Alejandro Moreno Cárdenas, quien desde sus épocas como gobernador de Campeche decidió casarse con la corrupción para serle ferozmente fiel, se ha dedicado a triangular dinero a través de la compra y venta de inmuebles, a “pasar charola” con empresarios a los que posteriormente ha injuriado y denostado.
Pese a que todo mundo ha escuchado los detalles de sus corruptelas, este cinicazo insiste en presentarse como “perseguido político”. Pero no lo es, desde luego.
Todo lo contrario. Alito Moreno es la máxima representación de la corrupción priísta. Sus excesos -no dejar rastro en sus declaraciones patrimoniales ni ante la autoridad fiscal, decir que “a los periodistas hay que matarlos de hambre”, entre
otras vilezas- resumen perfectamente el comportamiento de casi todos los políticos emanados del PRI.
Alito, ese ser zafio y vulgar, que un día creyó que el poder político era como una túnica, ha pasado muchos años devorándose todo lo que ha encontrado a su paso.
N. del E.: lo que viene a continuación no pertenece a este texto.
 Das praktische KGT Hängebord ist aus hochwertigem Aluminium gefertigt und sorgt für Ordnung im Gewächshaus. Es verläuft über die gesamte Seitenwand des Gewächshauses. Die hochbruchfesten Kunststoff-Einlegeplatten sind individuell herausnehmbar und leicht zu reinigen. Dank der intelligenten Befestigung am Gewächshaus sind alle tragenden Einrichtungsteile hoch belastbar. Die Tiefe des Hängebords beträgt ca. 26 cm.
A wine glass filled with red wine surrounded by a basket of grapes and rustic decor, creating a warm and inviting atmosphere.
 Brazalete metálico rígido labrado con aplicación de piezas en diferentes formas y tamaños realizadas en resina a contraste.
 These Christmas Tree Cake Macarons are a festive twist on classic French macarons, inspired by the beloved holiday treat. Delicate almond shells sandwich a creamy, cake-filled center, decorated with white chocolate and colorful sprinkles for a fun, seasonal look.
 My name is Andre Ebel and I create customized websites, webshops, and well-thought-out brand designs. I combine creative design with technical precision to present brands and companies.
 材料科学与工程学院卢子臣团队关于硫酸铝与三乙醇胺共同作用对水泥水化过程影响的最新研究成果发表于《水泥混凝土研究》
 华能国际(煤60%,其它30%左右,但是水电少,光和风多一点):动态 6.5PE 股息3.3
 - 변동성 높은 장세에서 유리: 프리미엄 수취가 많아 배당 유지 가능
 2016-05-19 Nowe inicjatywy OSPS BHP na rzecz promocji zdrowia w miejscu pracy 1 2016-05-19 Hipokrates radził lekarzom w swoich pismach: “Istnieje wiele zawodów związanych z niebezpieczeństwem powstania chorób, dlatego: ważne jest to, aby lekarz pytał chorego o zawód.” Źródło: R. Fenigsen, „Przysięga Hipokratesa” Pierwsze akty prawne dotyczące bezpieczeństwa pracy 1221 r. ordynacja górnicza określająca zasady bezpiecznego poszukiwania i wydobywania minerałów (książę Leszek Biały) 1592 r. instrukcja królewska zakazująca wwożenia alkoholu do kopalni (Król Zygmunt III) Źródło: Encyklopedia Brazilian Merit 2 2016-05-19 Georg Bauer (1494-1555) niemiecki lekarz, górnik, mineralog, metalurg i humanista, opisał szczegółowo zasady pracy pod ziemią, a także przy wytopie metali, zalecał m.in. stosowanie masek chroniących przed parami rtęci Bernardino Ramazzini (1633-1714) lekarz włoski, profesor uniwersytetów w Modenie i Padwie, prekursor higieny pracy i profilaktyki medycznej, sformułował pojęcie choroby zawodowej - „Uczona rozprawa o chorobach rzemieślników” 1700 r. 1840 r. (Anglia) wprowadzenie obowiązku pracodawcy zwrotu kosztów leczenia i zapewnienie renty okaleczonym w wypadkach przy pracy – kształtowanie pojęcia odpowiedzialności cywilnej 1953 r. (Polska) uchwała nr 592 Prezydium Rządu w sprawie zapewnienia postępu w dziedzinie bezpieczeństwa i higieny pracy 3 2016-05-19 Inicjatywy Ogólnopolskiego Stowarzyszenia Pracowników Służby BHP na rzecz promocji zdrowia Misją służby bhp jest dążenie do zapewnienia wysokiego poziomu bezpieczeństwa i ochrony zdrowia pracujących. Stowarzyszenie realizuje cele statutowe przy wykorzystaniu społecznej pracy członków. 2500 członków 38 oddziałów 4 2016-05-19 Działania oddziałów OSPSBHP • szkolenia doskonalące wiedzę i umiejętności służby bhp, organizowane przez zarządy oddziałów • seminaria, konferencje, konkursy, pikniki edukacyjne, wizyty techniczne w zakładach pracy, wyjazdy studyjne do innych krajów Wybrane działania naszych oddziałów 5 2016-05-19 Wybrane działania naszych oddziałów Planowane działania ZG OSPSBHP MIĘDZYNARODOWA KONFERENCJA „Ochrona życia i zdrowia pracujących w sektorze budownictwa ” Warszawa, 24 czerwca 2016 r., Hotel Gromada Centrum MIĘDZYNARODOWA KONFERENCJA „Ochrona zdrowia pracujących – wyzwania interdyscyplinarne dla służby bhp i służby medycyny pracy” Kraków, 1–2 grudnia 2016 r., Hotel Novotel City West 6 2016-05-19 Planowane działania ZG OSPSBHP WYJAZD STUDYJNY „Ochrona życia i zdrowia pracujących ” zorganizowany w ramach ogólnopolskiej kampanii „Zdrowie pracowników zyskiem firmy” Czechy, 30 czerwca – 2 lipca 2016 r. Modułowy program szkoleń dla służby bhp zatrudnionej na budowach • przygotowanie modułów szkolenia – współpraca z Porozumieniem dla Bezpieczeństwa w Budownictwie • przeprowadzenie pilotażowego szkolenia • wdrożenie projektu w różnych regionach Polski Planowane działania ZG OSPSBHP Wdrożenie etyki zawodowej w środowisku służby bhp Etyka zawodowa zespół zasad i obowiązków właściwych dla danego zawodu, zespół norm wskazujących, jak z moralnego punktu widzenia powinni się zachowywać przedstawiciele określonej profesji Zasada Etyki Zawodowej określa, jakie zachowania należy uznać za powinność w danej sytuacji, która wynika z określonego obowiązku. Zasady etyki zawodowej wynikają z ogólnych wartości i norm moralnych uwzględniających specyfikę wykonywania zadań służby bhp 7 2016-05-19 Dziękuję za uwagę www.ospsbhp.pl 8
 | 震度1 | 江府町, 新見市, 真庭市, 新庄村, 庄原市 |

No obstante, la carrera de sujeto, recalcitrante y perverso, está despeñándose y no parará hasta caer de bruces sobre el estercolero que él mismo ha ido sembrando a su paso.
Ayer, el fiscal de Justicia de Campeche, Renato Sales Heredia, solicitó formalmente en la Cámara de Diputados el desafuero de Alito por el delito de enriquecimiento ilícito. El diputado federal y dirigente nacional del PRI está en caída libre.